Là, j’ai commencé à douter salement des bienfaits de la modernité matérialiste dématérialisée et je me suis souvenue que tout ce merdier, c’était quand même essentiellement pour tracer mes habitudes de consommation, les archiver, les disséquer, les vendre et les revendre à des tas de compagnies assez dématérialisées, elles aussi — surtout en droits sociaux — qui vont me pourrir la vie à me démarcher au téléphone pour des vérandas au Pôle Nord et que le bon d’achat est finalement un bien maigre dédommagement pour tous ces désagréments.

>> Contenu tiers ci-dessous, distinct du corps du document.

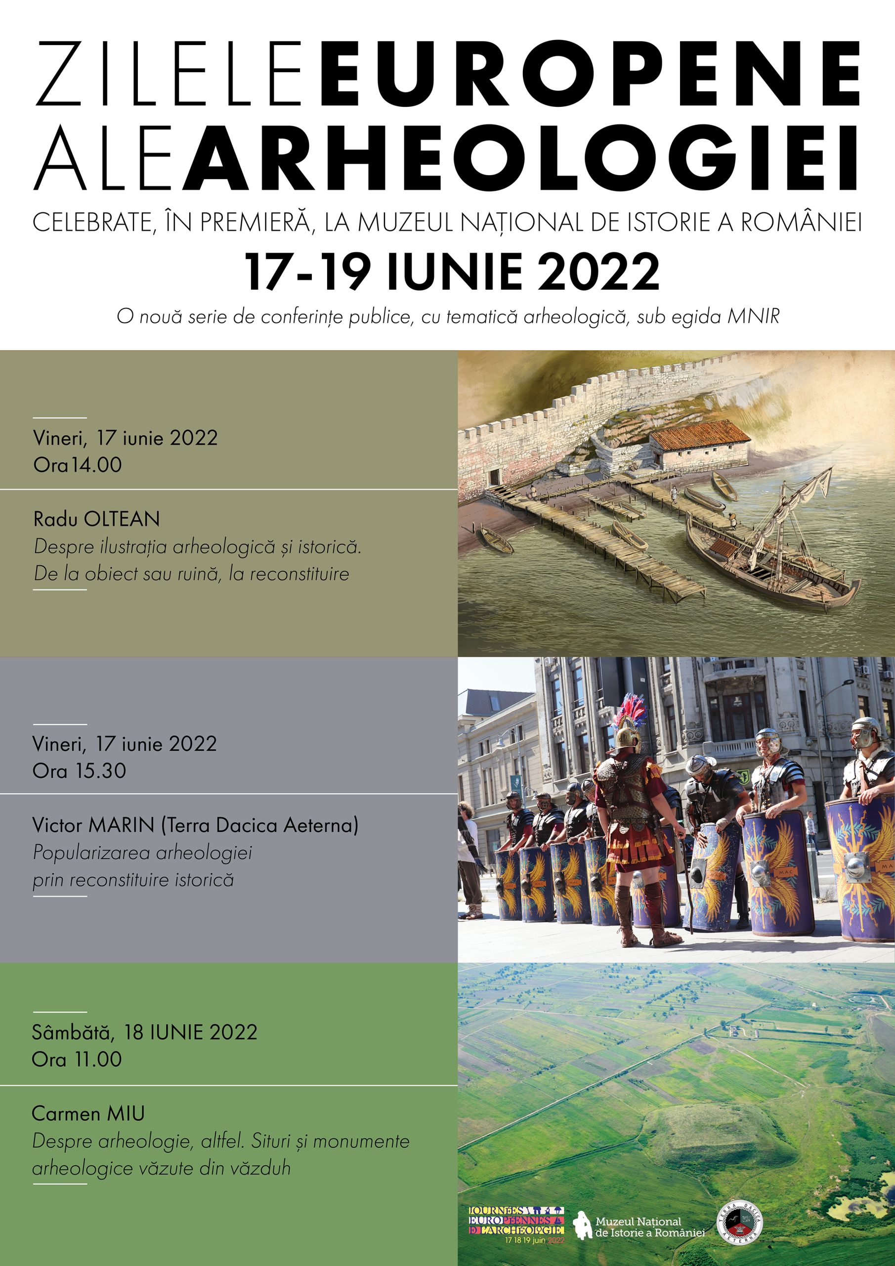 Muzeul Naţional de Istorie a României (MNIR) anunță celebrarea Zilelor Europene ale Arheologiei în zilele de 17 și 18 iunie 2022. Evenimentul propune o perspectivă inedită asupra domeniului arheologiei publice printr-o nouă serie de conferințe organizate la sediul său, fiind abordate teme deosebite ce aduc în atenție aspecte mai puțin cunoscute despre grafica arheologico-istorică, reconstituirea istorică și arheologia aeriană. Conferințele vor avea loc în Holul Central al MNIR. Accesul la eveniment este gratuit, în limita locurilor disponibile (50 de locuri).

J’ai donc désinstallé l’appli Carrefour et libéré ainsi bien plus que de l’espace disque.

Chez Décathlon, c’est un peu pareil. Ils ont lancé une jolie application mobile qui a dématérialisé tout le programme de fidélité et quelques caissières, aussi, en passant. Sauf que leurs scanners sont du genre à ne pas vouloir scanner les écrans de portable. C’est parfois tellement tonifiant, le progrès, surtout quand on s’escrime seule devant un écran vaguement tactile à rentrer à la main un foutu bon d’achat de 23 chiffres dans une interface manifestement pas prévue pour ça ! Et c’est tellement mieux quand ça tombe un samedi et qu’il y a toute l’équipe de rugby du coin derrière moi qui se racle la gorge et se contracte les scrotums en attendant son tour. Sans compter la température purement apocalyptique des grandes surfaces en tôle ondulée surchauffées l’hiver et congelées l’été avec une amplitude à mettre à genou au moins trois centrales nucléaires.

Le moment est juste arrivé où je me suis vue, dégoulinante et hystérique, tapotant frénétiquement un écran manifestement hostile devant une foule grognante et à bout de patience.

Pathétique.

J’ai juste laissé tomber : la caisse, les trucs dont je n’avais pas tellement besoin, dans le fond, en fait, le bon de réduction qui commençait à bien me coûter, ne serait-ce qu’en estime de soi, et puis tout le reste avec.

J’ai désinstallé l’appli Décathlon.

J’ai regardé ce qui encombrait la mémoire du téléphone et mon temps de cerveau disponible et j’ai tout benné. 

Absolument tout.

Parce que franchement, ça commence à bien faire toutes ces conneries ! 

L’idée même que l’on me donne de l’argent pour que je fasse mes courses aurait dû me faire tiquer depuis longtemps. Mais voilà, l’univers du coupon, de la réduction, de la bonne affaire, de la promo éclair et de la carte de fidélité nous pousse sans cesse à la faute financière tout en nous faisant croire qu’on est quand même vachement rusés de leur soutirer toutes ces miettes d’argent qui ne leur coûte probablement pas grand-chose de plus qu’un tour de table humiliant supplémentaire pour pressurer les fournisseurs ou un appel d’offre encore plus radin pour inciter les sous-traitants à toujours plus maltraiter ceux qui fabriquent comme des esclaves des tas d’objets merdiques dont nous n’avons, en réalité, absolument pas besoin.

En fait, je vais travailler ma fidélité toute seule, comme une grande et comme une antiquité prémoderne. Je vais continuer à aller chez Émilie, la maraîchère de Maulichère, avec ses petits légumes qu’elle sort elle-même de la terre ocre de Gascogne. On va se raconter des histoires du coin, parler du temps qu’il fait, s’échanger deux recettes et se saluer d’un sourire en attendant la semaine prochaine.